> [INPUT DATA]
== Segment start ==

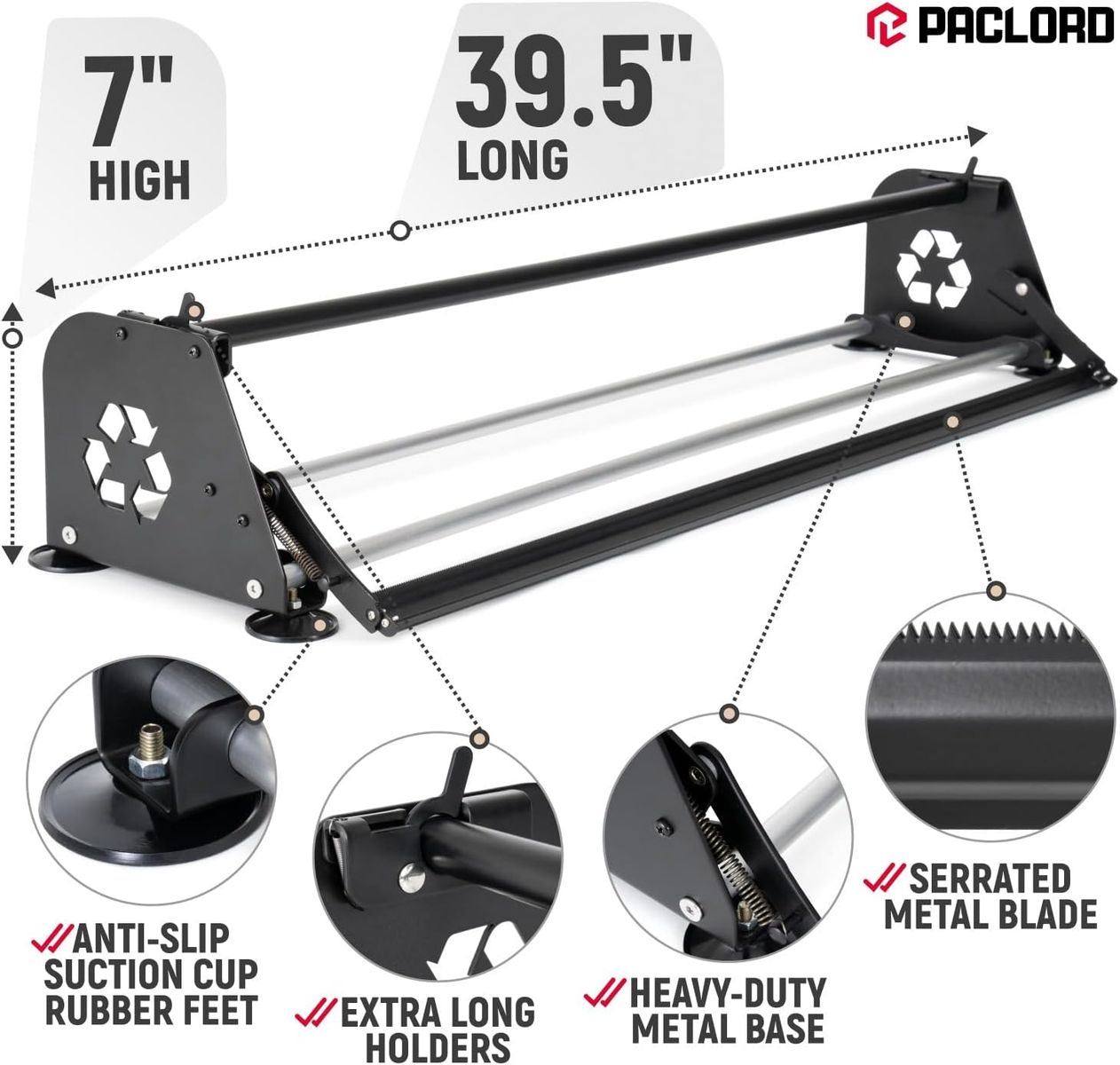 Heavy-Duty Paper Roll Dispenser: Paclord paper roll dispenser with a cutter is made of high-quality durable alloy steel with a matte black finish. This paper cutter fits rolls up to 36 inch (915 mm) wide and up to 10" in diameter - perfect for paper, plastic, or aluminum rolls. Its 1 inch (25 mm) rod diameter is able to fit most to all paper rolls on the market
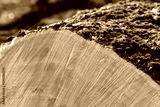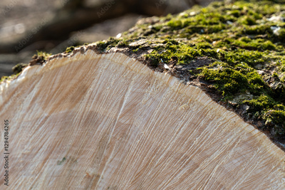 A tree stump sits in a forest, covered with vibrant green moss. The detailed wood texture reveals the natural patterns and layers of the tree.
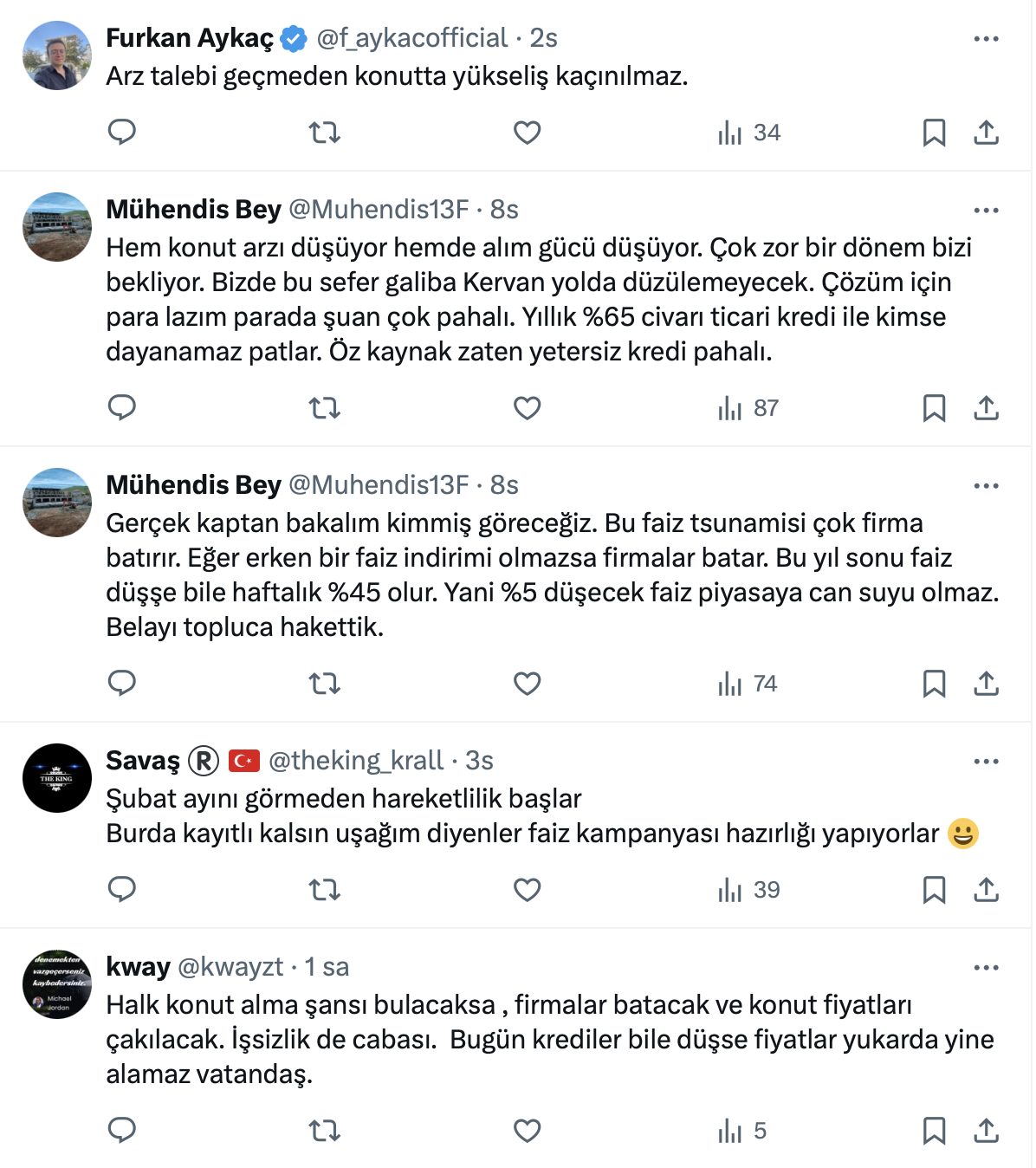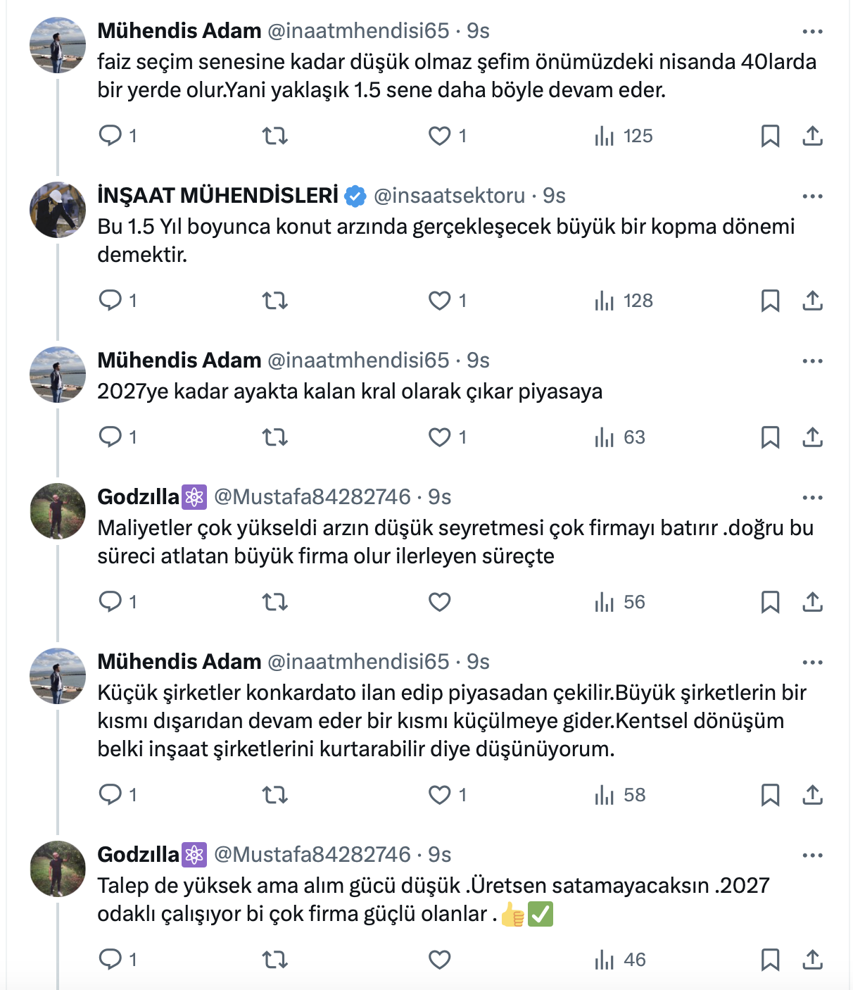 İnşaat Mühendisleri sosyal medya hesabı üzerinden yaptığı paylaşımda Şu an maliyet rakamlarından satılmayan konutların karlılık döneminin bir gün geleceğini söyleyerek, “3 gün mü? 3 ay mı? 3 Yıl mı?” ifadelerini kullandı.
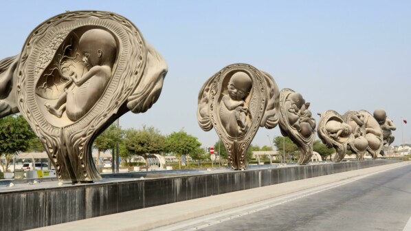 Часть из ряда 14 скульптур Дэмьена Хёрста напротив медицинского центра Sidra. В конце ряда — фигура новорождённого младенца высотой в 14 метров Фото Доминика Дудля

== Segment end ==

> [WHAT TO DO] Repeat the material above exactly; pictures do not belong in the copy.

> [TASK OUTPUT]
 Heavy-Duty Paper Roll Dispenser: Paclord paper roll dispenser with a cutter is made of high-quality durable alloy steel with a matte black finish. This paper cutter fits rolls up to 36 inch (915 mm) wide and up to 10" in diameter - perfect for paper, plastic, or aluminum rolls. Its 1 inch (25 mm) rod diameter is able to fit most to all paper rolls on the market
 A tree stump sits in a forest, covered with vibrant green moss. The detailed wood texture reveals the natural patterns and layers of the tree.
 İnşaat Mühendisleri sosyal medya hesabı üzerinden yaptığı paylaşımda Şu an maliyet rakamlarından satılmayan konutların karlılık döneminin bir gün geleceğini söyleyerek, “3 gün mü? 3 ay mı? 3 Yıl mı?” ifadelerini kullandı.
 Часть из ряда 14 скульптур Дэмьена Хёрста напротив медицинского центра Sidra. В конце ряда — фигура новорождённого младенца высотой в 14 метров Фото Доминика Дудля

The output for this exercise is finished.